• Your task: Would you transcribe the records below from the line with "2018年2月7日上午9:5" to the line with "根据考生回答的情况, 每名复试小组成员按照以下标准进行打分,取平均值。", ends included, exactly and with nothing more, leaving the pictures out?

• Exercise data:

════

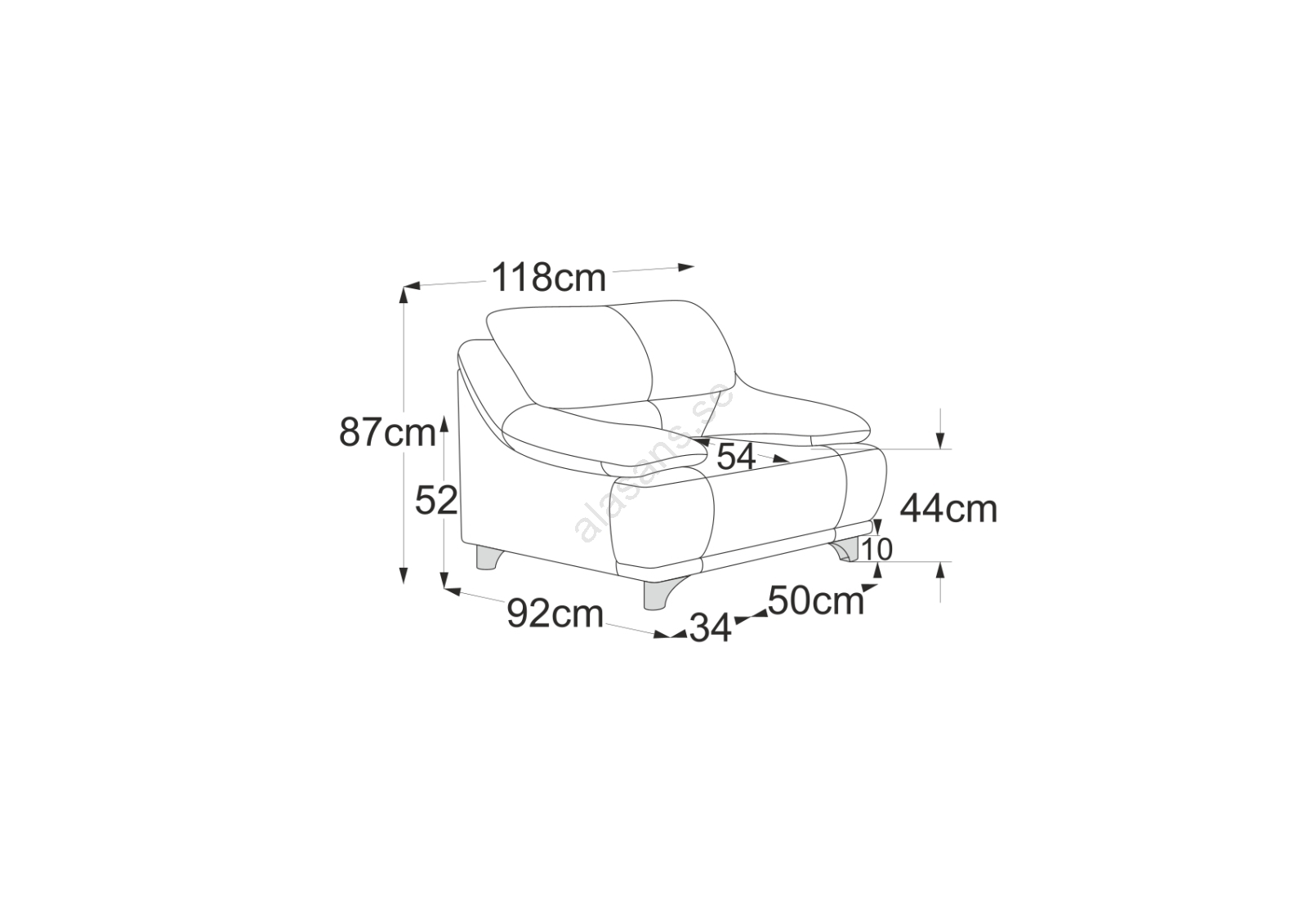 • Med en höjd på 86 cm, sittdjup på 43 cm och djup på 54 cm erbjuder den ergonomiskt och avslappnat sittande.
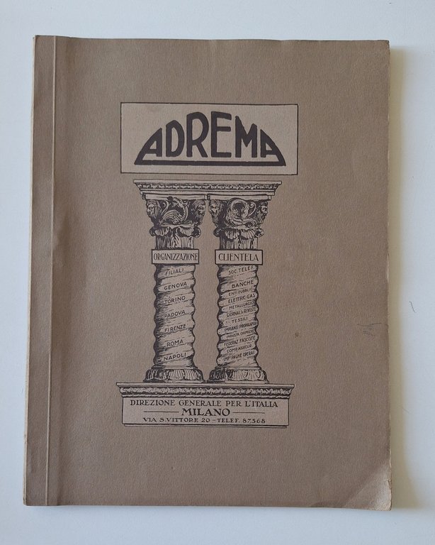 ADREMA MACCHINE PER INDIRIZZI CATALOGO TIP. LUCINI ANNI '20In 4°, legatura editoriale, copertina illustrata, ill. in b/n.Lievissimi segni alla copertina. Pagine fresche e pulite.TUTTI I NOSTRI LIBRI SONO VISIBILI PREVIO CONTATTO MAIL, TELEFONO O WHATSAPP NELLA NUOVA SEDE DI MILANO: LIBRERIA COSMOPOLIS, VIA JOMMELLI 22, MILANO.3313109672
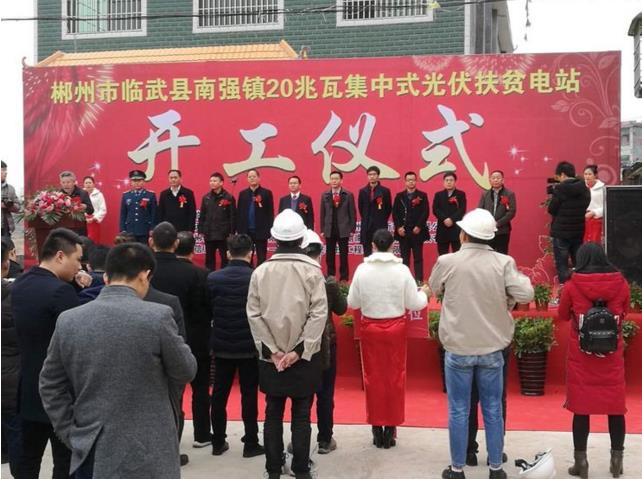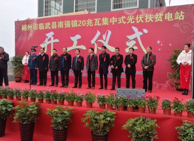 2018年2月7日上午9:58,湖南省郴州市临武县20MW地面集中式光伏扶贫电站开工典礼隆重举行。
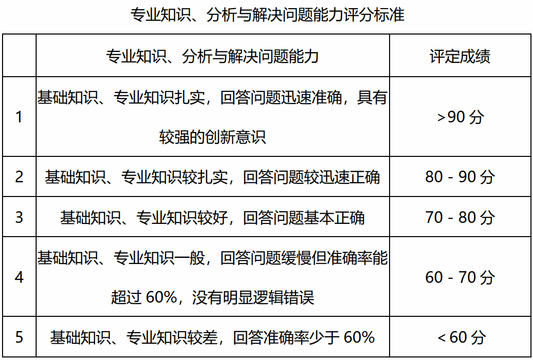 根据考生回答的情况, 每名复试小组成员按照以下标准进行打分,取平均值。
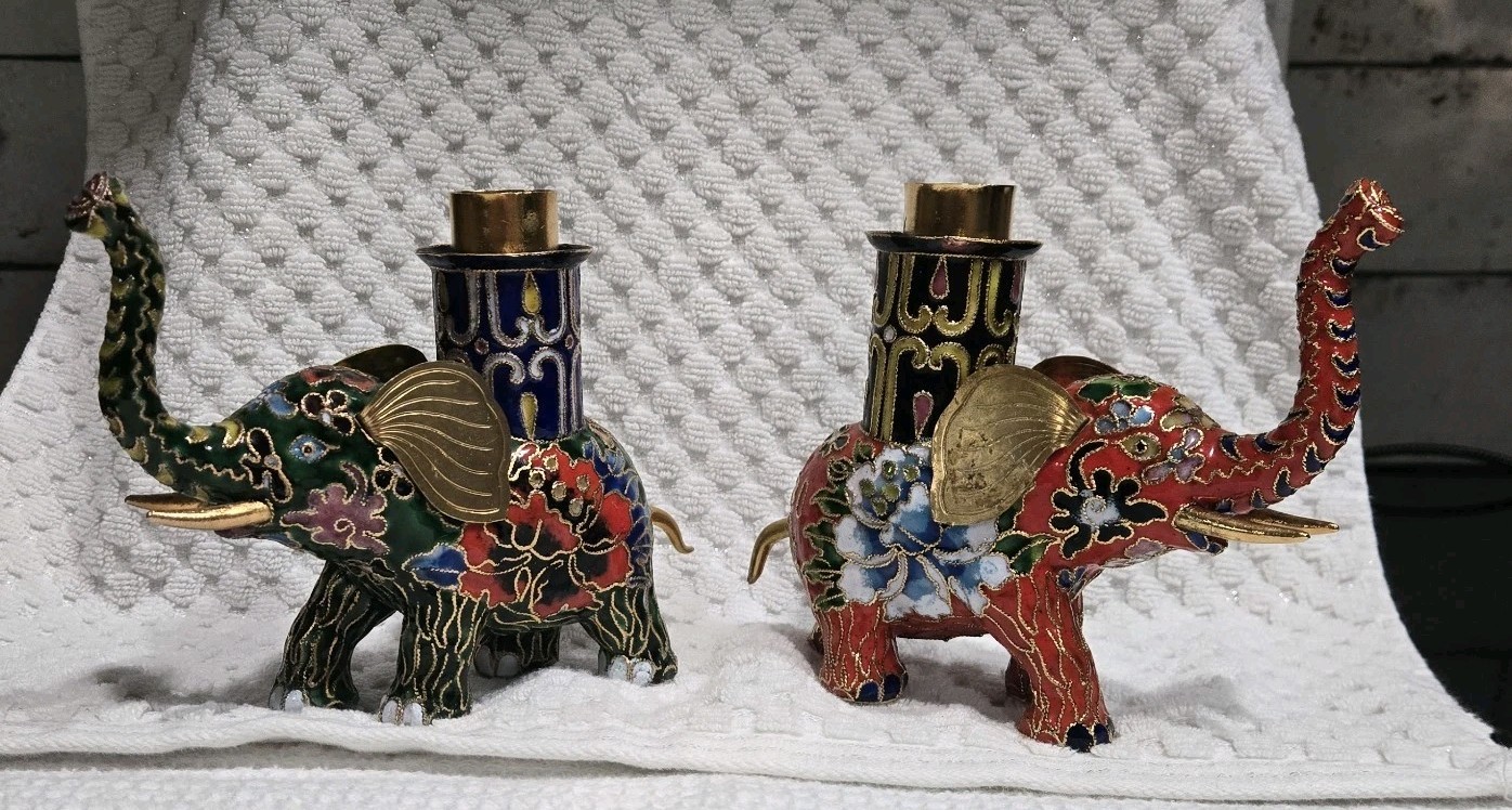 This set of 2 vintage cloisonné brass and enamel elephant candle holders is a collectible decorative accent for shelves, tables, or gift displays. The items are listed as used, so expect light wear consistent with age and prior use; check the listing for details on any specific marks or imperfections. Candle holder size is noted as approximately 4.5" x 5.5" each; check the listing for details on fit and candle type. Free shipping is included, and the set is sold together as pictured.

════

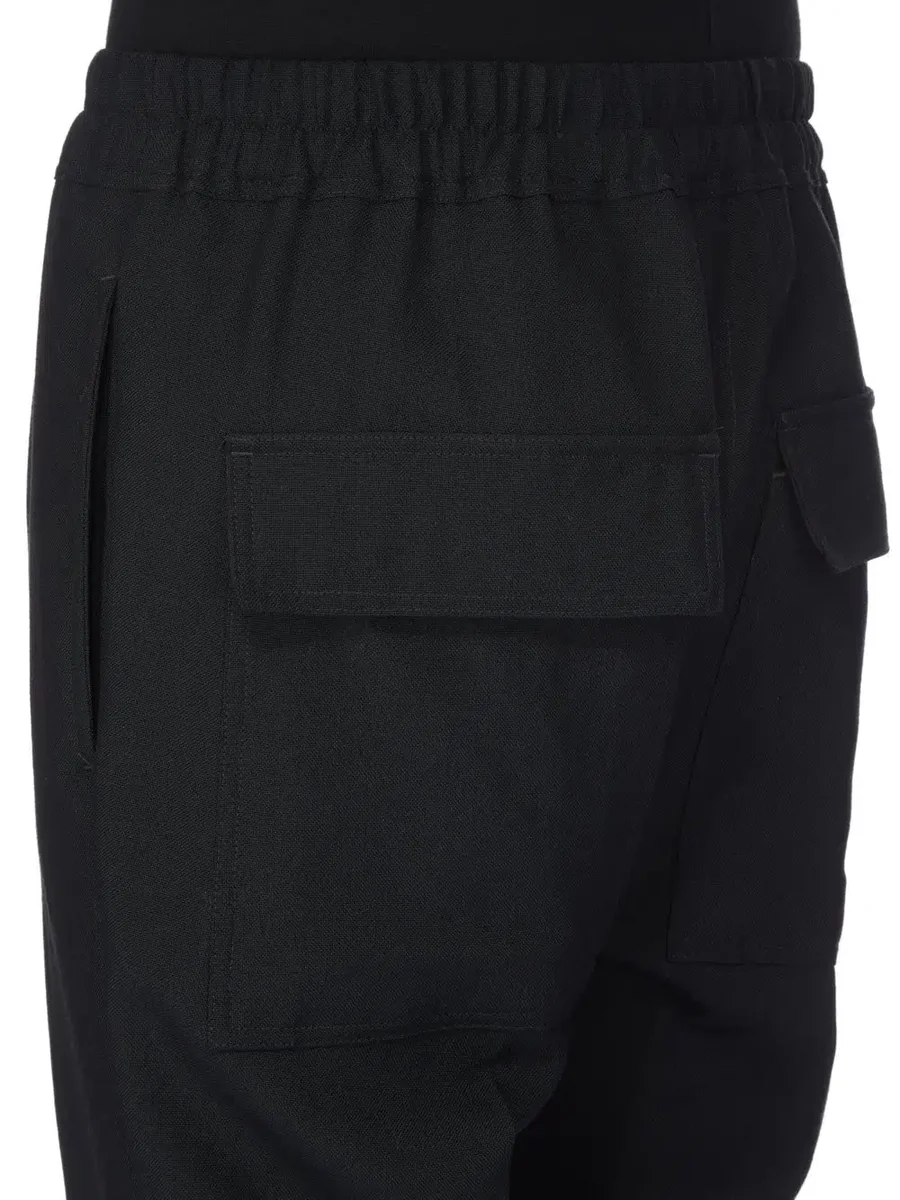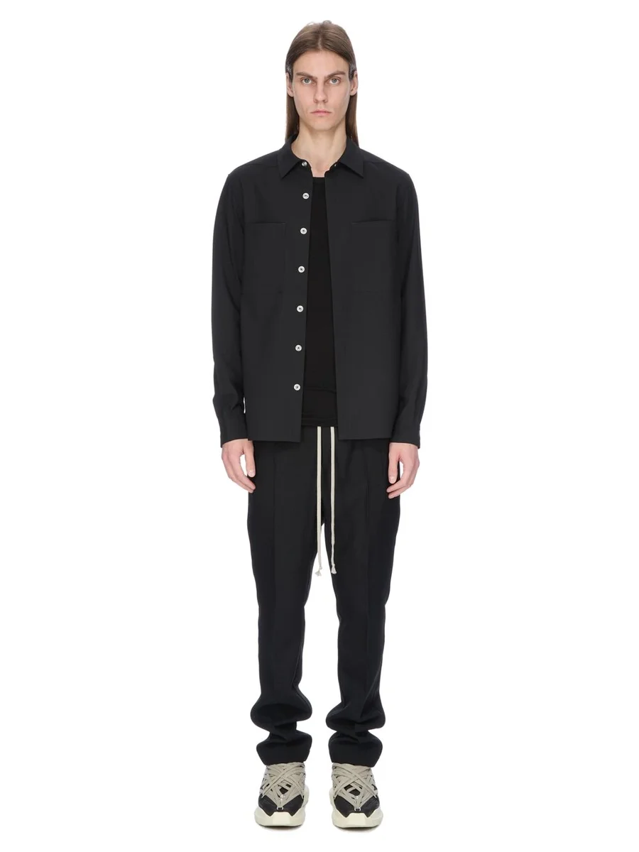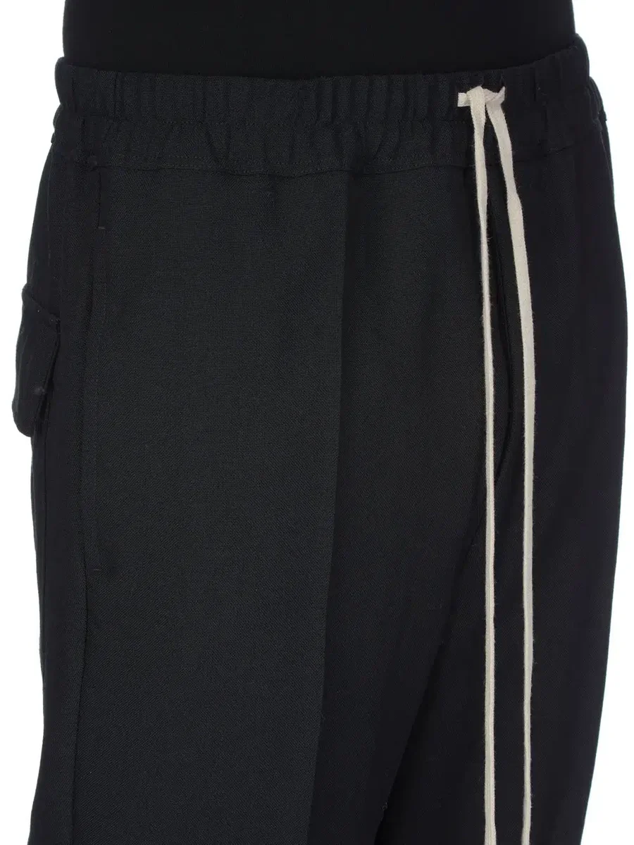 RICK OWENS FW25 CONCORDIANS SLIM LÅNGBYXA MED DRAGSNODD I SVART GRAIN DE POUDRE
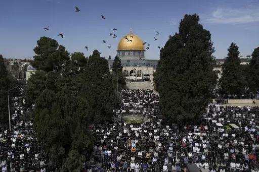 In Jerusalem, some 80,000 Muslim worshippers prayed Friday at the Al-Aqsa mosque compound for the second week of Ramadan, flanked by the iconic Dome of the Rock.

════

• Exercise answer:
 2018年2月7日上午9:58,湖南省郴州市临武县20MW地面集中式光伏扶贫电站开工典礼隆重举行。
 根据考生回答的情况, 每名复试小组成员按照以下标准进行打分,取平均值。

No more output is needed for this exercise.